--- RECORDED DATA ---
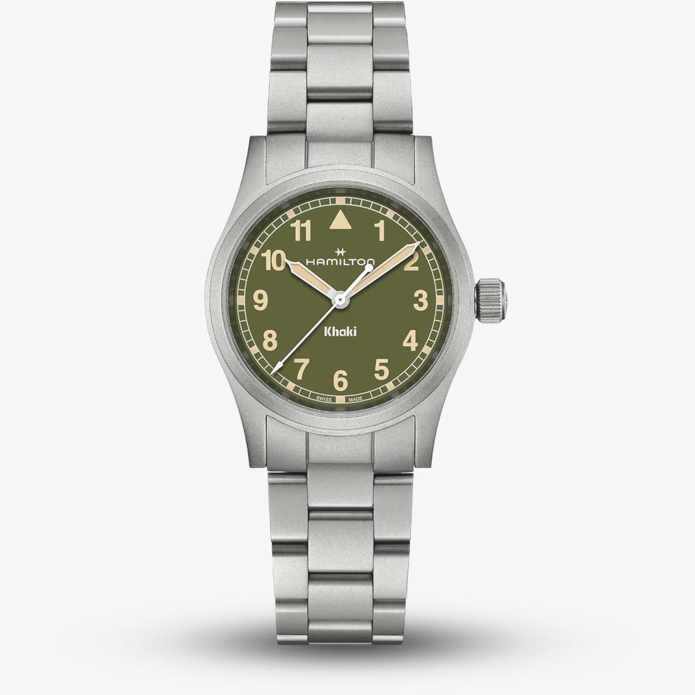 https://www.thbaker.co.uk/hamilton-ladies-khaki-field-quartz-33mm-green-dial-watch-h69301160159005Hamilton Ladies Khaki Field Quartz 33mm Green Dial Watch H69301160https://www.thbaker.co.uk/media/catalog/product/2/4/24-31-25137220_hamilton_01.jpg425425GBPOutOfStockKhaki Field Quartz 33mm Ss Bw Khaki Dial A refined nod to Hamilton’s military heritage, offering a compact and rugged design tailored for those who appreciate classic field watch aesthetics in a smaller size. Combining military-inspired design with modern functionality, making it an ideal choice for those seeking a reliable and stylish timepiece in a compact size.
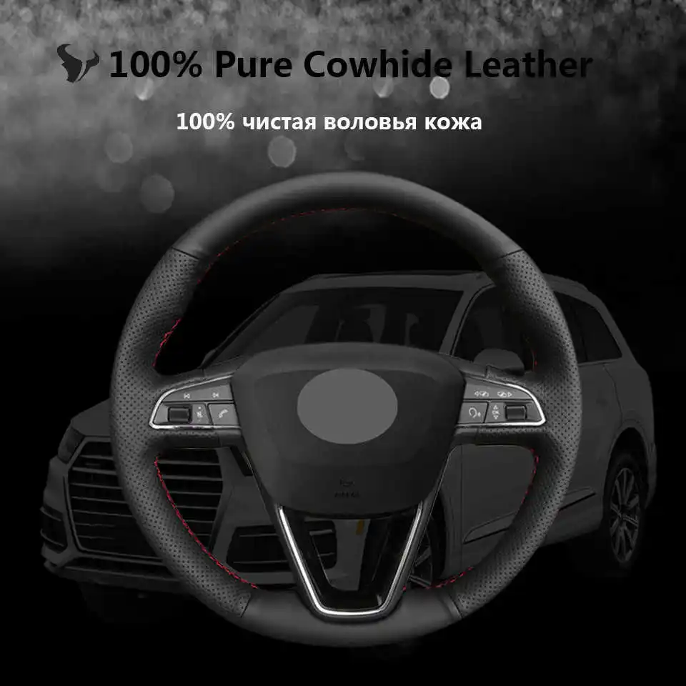 Черный чехол на руль из натуральной кожи для seat ibiza leon 5f mk3 2013-2019 ibiza 6j tarraco arona ateca
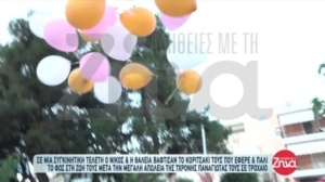 Χρωματιστά μπαλόνια αφέθηκαν να «ταξιδέψουν» ψηλά στον ουρανό, μετά το μυστήριο. «Της άρεσαν πολύ τα μπαλόνια της μεγάλης μας. Και της τα έστειλε η αδελφούλα της», είπε συγκινημένη η Θάλεια.
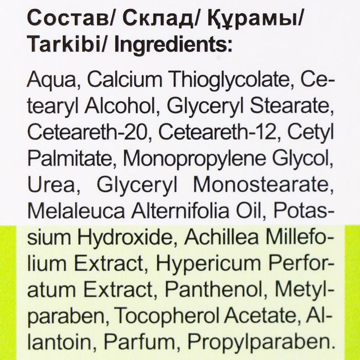 Состав: Agua, Calcium Thioglycolate, Cetearyl AlcoholGlyceryl Stearate, Ceteareth-20, Ceteareth-12, Cetyl Palmitate, Monopropylene glycol, Urea, Glyceryl Monostearate, Melaleuca Alternifolia Oil Potassium Hydroxide, Achillea Millefolium Extract, Hypericum Perforatum Extract, Panthenol, Metylparaben, Tocopherol Acetate, Allantoin, Parfum, Propylparaben.
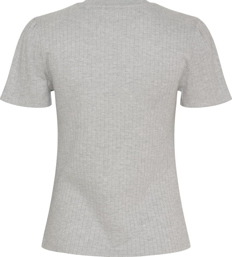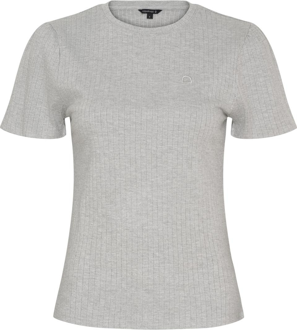 Verfijnd geribbeld T-shirt met glitter over de hele stof en logo-borduurwerk op de borst. Ronde halslijn, korte mouwen met een licht plooieffect aan de bovenkant. De stof voelt erg zacht aan.
---
*PROMPT*. All of the data above needs to be retyped exactly, with the pictures removed.

*SOLUTION TO THIS EXERCISE*.
 https://www.thbaker.co.uk/hamilton-ladies-khaki-field-quartz-33mm-green-dial-watch-h69301160159005Hamilton Ladies Khaki Field Quartz 33mm Green Dial Watch H69301160https://www.thbaker.co.uk/media/catalog/product/2/4/24-31-25137220_hamilton_01.jpg425425GBPOutOfStockKhaki Field Quartz 33mm Ss Bw Khaki Dial A refined nod to Hamilton’s military heritage, offering a compact and rugged design tailored for those who appreciate classic field watch aesthetics in a smaller size. Combining military-inspired design with modern functionality, making it an ideal choice for those seeking a reliable and stylish timepiece in a compact size.
 Черный чехол на руль из натуральной кожи для seat ibiza leon 5f mk3 2013-2019 ibiza 6j tarraco arona ateca
 Χρωματιστά μπαλόνια αφέθηκαν να «ταξιδέψουν» ψηλά στον ουρανό, μετά το μυστήριο. «Της άρεσαν πολύ τα μπαλόνια της μεγάλης μας. Και της τα έστειλε η αδελφούλα της», είπε συγκινημένη η Θάλεια.
 Состав: Agua, Calcium Thioglycolate, Cetearyl AlcoholGlyceryl Stearate, Ceteareth-20, Ceteareth-12, Cetyl Palmitate, Monopropylene glycol, Urea, Glyceryl Monostearate, Melaleuca Alternifolia Oil Potassium Hydroxide, Achillea Millefolium Extract, Hypericum Perforatum Extract, Panthenol, Metylparaben, Tocopherol Acetate, Allantoin, Parfum, Propylparaben.
 Verfijnd geribbeld T-shirt met glitter over de hele stof en logo-borduurwerk op de borst. Ronde halslijn, korte mouwen met een licht plooieffect aan de bovenkant. De stof voelt erg zacht aan.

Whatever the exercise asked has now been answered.